The AI Aperture of Certainty… Rife with uncertainty
By Lance Eliot, Forbes Contributor, November 28, 2025
Forbes columnist Lance Eliot discusses the “AI aperture of certainty,” the idea that predictions about when we’ll reach artificial general intelligence (AGI) may seem more confident as the date approaches. He argues this belief is misleading. The article points out that even as AI progress accelerates, our ability to forecast AGI’s arrival remains highly uncertain due to shifting definitions and unpredictable breakthroughs.
Snap Hits One Billion Users Amid AR, AI Announcements
By Charlie Fink, Forbes Contributor, November 28, 2025
Forbes tech writer Charlie Fink covers a batch of industry updates: Snapchat surpassed 1 billion users; Meta introduced WorldGen for AI-generated XR content; Suno AI settled a copyright lawsuit; Apple expanded sports content on Vision Pro; among others. The combined news highlights how quickly AI and XR are evolving across platforms from social media to hardware.

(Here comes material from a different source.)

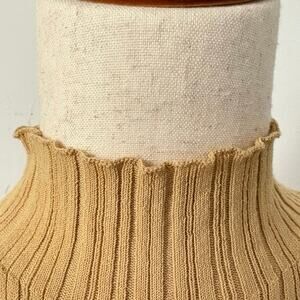 Loeffler Randall camel ribbed knit top in a slim fit mock neck style. Long sleeve neutral beige sweater shirt made of cotton nylon blend. Minimalist designer piece perfect for layering, chic basics, or pairing with jeans, skirts, or trousers. Classic wardrobe staple for fall and winter, timeless neutral top in size medium
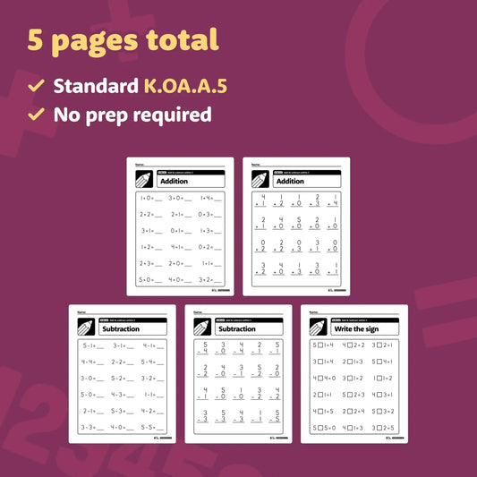 Add and Subtract Within 5 Worksheets | K.OA.A.5

How AI is Rewriting the Rules Of Work, Leadership, And Human Potential
By Bernard Marr, Forbes Contributor, November 28, 2025
In a Forbes interview with Fiverr CEO Micha Kaufman, the discussion centers on AI’s impact on skills and leadership. Marr and Kaufman explore how AI will change what tasks humans do versus machines. They argue leaders must adapt by focusing on strategy, empathy and creativity – areas where humans still excel. The article posits that properly leveraged, AI can transform work by augmenting human potential if accompanied by new training and mindset.
Meta to Fund AI Literacy for 1 Million in Africa
By Colin Allen, Forbes Staff, November 28, 2025
Forbes reports Meta’s F8 Extend program will train one million people in Africa on AI and digital skills. This initiative aims to boost local talent by teaching AI basics, coding, and responsible technologies. Meta says improving AI literacy globally is key to economic growth and ethical adoption. The program will run workshops and online courses across African countries through 2026.
Hoping that AGI will enable humans to talk directly to animals
By Lance Eliot, Forbes Contributor, November 27, 2025
Forbes contributor Lance Eliot explores the speculation that future superintelligent AI could become a universal translator between humans and animals. He explains how, in theory, an AI that understands animal cognition could decode and mediate communication. The piece concludes this is highly uncertain and likely far off, but it highlights the breadth of possibilities people imagine for artificial general intelligence.